You can define your own control sequences by inserting them as values in a Map from Strings to objects implementing the ControlTemplate interface and passing that Map as the second parameter to the two-parameter Template Constructor. When your ControlTemplate object is referenced in the process of template generation, the single method defined in the interface, tryGenerate() is called, passing your object the ConsumableMap, a TemplateRecord object constructed from the template text inside your object's control brackets, and a StringChunk object which is the entire text generated so far. If the keys you insert in the map collide with the existing control template keys described above (such as "fail" and "ignore") an IllegalArgumentException will be thrown during the construction of the Template.

Example Template

Here is an example template used to create a fragment of html. It starts with a comment, and a demonstration of the escape sequence used to cause a chunk of whitespace to be ignored (which makes producing readable templates a lot easier).

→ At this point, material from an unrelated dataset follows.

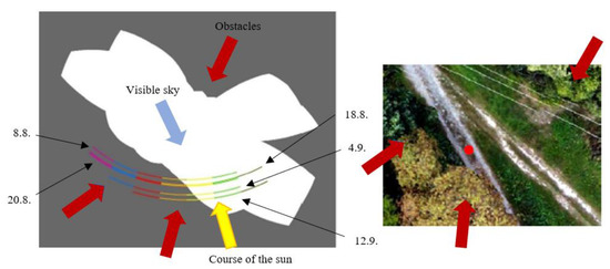 Figure 4 shows also the individual semicircles of the sun’s course across the sky on all five days that the site was measured. From above, these were 8 August, 18 August, 20 August, 4 September and 12 September 2019. This scheme is the same for the images of all measured locations. For example, on the third day of measurements, 20 August 2019, measurements began at 11 a.m. (light green), then are shown as yellow at 12 noon, orange at 1 p.m., red at 2 p.m., blue at 3 p.m. and pink at 4 p.m. It can be seen from the figure that, during the first measurement, there is a point in the sun (white colour) and from the yellow colour—i.e., from 12 noon—the point is in the grey field, so it is shaded.

The main body of the template does little more than substitute in a few values. %:try(%... %) is used in places where those values are optional and so may not be present in the map. %:release(..%) is used for a value that is substituted in twice, so that the first substitution doesn't permanently remove the value we need to use again.
%< Produce input element with default value where possible
inside a table line: note loss of white space after final 
% in this line>%%


<tr><td><label for="%:release(%$name%%)">%$label%</label></td>
<td>%:try(%$mandatoryMarker%%)</td>
<td><input type="%$type%" name="%$name%" %:try(value="%$value%"%)
%:try(checked="%$checked%"
%)/></td></tr>%